* _Task directions_: Please reproduce every record, keeping each one exactly as written.
-------- Study material --------
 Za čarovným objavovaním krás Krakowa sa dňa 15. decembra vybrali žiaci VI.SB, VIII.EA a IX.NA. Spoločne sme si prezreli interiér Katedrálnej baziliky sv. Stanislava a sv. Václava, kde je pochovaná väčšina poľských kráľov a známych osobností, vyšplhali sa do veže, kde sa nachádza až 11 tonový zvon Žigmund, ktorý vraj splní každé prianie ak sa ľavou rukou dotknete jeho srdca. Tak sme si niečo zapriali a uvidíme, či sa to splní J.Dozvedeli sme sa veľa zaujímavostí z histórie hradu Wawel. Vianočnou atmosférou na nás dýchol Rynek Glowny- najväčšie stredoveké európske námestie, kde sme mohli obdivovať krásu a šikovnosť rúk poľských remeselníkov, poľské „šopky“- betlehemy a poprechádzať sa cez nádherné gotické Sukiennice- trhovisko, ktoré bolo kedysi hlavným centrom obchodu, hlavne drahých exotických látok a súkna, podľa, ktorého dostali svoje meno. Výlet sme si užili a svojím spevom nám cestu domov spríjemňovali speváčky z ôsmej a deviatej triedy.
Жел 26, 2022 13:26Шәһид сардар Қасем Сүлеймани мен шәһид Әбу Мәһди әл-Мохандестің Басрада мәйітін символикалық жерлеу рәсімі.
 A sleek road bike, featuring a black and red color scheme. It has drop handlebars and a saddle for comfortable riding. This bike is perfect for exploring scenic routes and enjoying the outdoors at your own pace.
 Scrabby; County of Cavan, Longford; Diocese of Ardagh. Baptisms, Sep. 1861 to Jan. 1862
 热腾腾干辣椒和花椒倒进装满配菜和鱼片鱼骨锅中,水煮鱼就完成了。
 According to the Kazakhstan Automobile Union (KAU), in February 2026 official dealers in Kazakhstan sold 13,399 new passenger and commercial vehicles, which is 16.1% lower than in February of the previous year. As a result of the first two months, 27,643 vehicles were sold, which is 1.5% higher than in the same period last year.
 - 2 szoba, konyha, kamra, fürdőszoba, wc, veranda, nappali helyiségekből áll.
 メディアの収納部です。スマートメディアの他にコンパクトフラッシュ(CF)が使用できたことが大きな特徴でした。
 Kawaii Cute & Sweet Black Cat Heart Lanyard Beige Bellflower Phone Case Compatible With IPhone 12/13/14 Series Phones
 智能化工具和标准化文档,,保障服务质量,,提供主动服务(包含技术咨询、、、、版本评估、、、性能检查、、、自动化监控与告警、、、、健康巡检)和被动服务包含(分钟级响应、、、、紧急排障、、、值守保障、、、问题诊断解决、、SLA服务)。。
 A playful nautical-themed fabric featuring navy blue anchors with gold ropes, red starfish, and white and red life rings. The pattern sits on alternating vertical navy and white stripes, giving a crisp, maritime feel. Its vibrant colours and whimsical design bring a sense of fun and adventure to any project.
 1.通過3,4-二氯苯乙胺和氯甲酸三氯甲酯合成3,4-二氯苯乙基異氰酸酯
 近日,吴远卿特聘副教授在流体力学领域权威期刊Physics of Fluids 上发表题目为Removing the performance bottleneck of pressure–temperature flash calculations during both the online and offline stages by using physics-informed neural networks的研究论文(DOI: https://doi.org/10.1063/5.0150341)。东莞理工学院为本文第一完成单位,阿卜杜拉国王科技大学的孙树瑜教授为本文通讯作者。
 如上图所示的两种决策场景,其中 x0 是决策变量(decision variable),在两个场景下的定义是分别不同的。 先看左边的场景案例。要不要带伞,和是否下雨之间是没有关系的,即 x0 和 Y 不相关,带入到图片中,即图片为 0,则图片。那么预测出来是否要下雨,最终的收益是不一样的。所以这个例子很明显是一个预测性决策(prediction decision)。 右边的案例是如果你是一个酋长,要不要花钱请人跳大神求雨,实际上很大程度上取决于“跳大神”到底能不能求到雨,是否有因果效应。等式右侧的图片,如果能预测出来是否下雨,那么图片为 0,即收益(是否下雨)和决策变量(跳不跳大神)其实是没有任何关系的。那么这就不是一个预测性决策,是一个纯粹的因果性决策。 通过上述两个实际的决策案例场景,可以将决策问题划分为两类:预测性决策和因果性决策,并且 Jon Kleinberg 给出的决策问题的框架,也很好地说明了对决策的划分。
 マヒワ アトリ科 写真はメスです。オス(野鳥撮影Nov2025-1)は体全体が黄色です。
--------
* _Result_:
 Za čarovným objavovaním krás Krakowa sa dňa 15. decembra vybrali žiaci VI.SB, VIII.EA a IX.NA. Spoločne sme si prezreli interiér Katedrálnej baziliky sv. Stanislava a sv. Václava, kde je pochovaná väčšina poľských kráľov a známych osobností, vyšplhali sa do veže, kde sa nachádza až 11 tonový zvon Žigmund, ktorý vraj splní každé prianie ak sa ľavou rukou dotknete jeho srdca. Tak sme si niečo zapriali a uvidíme, či sa to splní J.Dozvedeli sme sa veľa zaujímavostí z histórie hradu Wawel. Vianočnou atmosférou na nás dýchol Rynek Glowny- najväčšie stredoveké európske námestie, kde sme mohli obdivovať krásu a šikovnosť rúk poľských remeselníkov, poľské „šopky“- betlehemy a poprechádzať sa cez nádherné gotické Sukiennice- trhovisko, ktoré bolo kedysi hlavným centrom obchodu, hlavne drahých exotických látok a súkna, podľa, ktorého dostali svoje meno. Výlet sme si užili a svojím spevom nám cestu domov spríjemňovali speváčky z ôsmej a deviatej triedy.
Жел 26, 2022 13:26Шәһид сардар Қасем Сүлеймани мен шәһид Әбу Мәһди әл-Мохандестің Басрада мәйітін символикалық жерлеу рәсімі.
 A sleek road bike, featuring a black and red color scheme. It has drop handlebars and a saddle for comfortable riding. This bike is perfect for exploring scenic routes and enjoying the outdoors at your own pace.
 Scrabby; County of Cavan, Longford; Diocese of Ardagh. Baptisms, Sep. 1861 to Jan. 1862
 热腾腾干辣椒和花椒倒进装满配菜和鱼片鱼骨锅中,水煮鱼就完成了。
 According to the Kazakhstan Automobile Union (KAU), in February 2026 official dealers in Kazakhstan sold 13,399 new passenger and commercial vehicles, which is 16.1% lower than in February of the previous year. As a result of the first two months, 27,643 vehicles were sold, which is 1.5% higher than in the same period last year.
 - 2 szoba, konyha, kamra, fürdőszoba, wc, veranda, nappali helyiségekből áll.
 メディアの収納部です。スマートメディアの他にコンパクトフラッシュ(CF)が使用できたことが大きな特徴でした。
 Kawaii Cute & Sweet Black Cat Heart Lanyard Beige Bellflower Phone Case Compatible With IPhone 12/13/14 Series Phones
 智能化工具和标准化文档,,保障服务质量,,提供主动服务(包含技术咨询、、、、版本评估、、、性能检查、、、自动化监控与告警、、、、健康巡检)和被动服务包含(分钟级响应、、、、紧急排障、、、值守保障、、、问题诊断解决、、SLA服务)。。
 A playful nautical-themed fabric featuring navy blue anchors with gold ropes, red starfish, and white and red life rings. The pattern sits on alternating vertical navy and white stripes, giving a crisp, maritime feel. Its vibrant colours and whimsical design bring a sense of fun and adventure to any project.
 1.通過3,4-二氯苯乙胺和氯甲酸三氯甲酯合成3,4-二氯苯乙基異氰酸酯
 近日,吴远卿特聘副教授在流体力学领域权威期刊Physics of Fluids 上发表题目为Removing the performance bottleneck of pressure–temperature flash calculations during both the online and offline stages by using physics-informed neural networks的研究论文(DOI: https://doi.org/10.1063/5.0150341)。东莞理工学院为本文第一完成单位,阿卜杜拉国王科技大学的孙树瑜教授为本文通讯作者。
 如上图所示的两种决策场景,其中 x0 是决策变量(decision variable),在两个场景下的定义是分别不同的。 先看左边的场景案例。要不要带伞,和是否下雨之间是没有关系的,即 x0 和 Y 不相关,带入到图片中,即图片为 0,则图片。那么预测出来是否要下雨,最终的收益是不一样的。所以这个例子很明显是一个预测性决策(prediction decision)。 右边的案例是如果你是一个酋长,要不要花钱请人跳大神求雨,实际上很大程度上取决于“跳大神”到底能不能求到雨,是否有因果效应。等式右侧的图片,如果能预测出来是否下雨,那么图片为 0,即收益(是否下雨)和决策变量(跳不跳大神)其实是没有任何关系的。那么这就不是一个预测性决策,是一个纯粹的因果性决策。 通过上述两个实际的决策案例场景,可以将决策问题划分为两类:预测性决策和因果性决策,并且 Jon Kleinberg 给出的决策问题的框架,也很好地说明了对决策的划分。
 マヒワ アトリ科 写真はメスです。オス(野鳥撮影Nov2025-1)は体全体が黄色です。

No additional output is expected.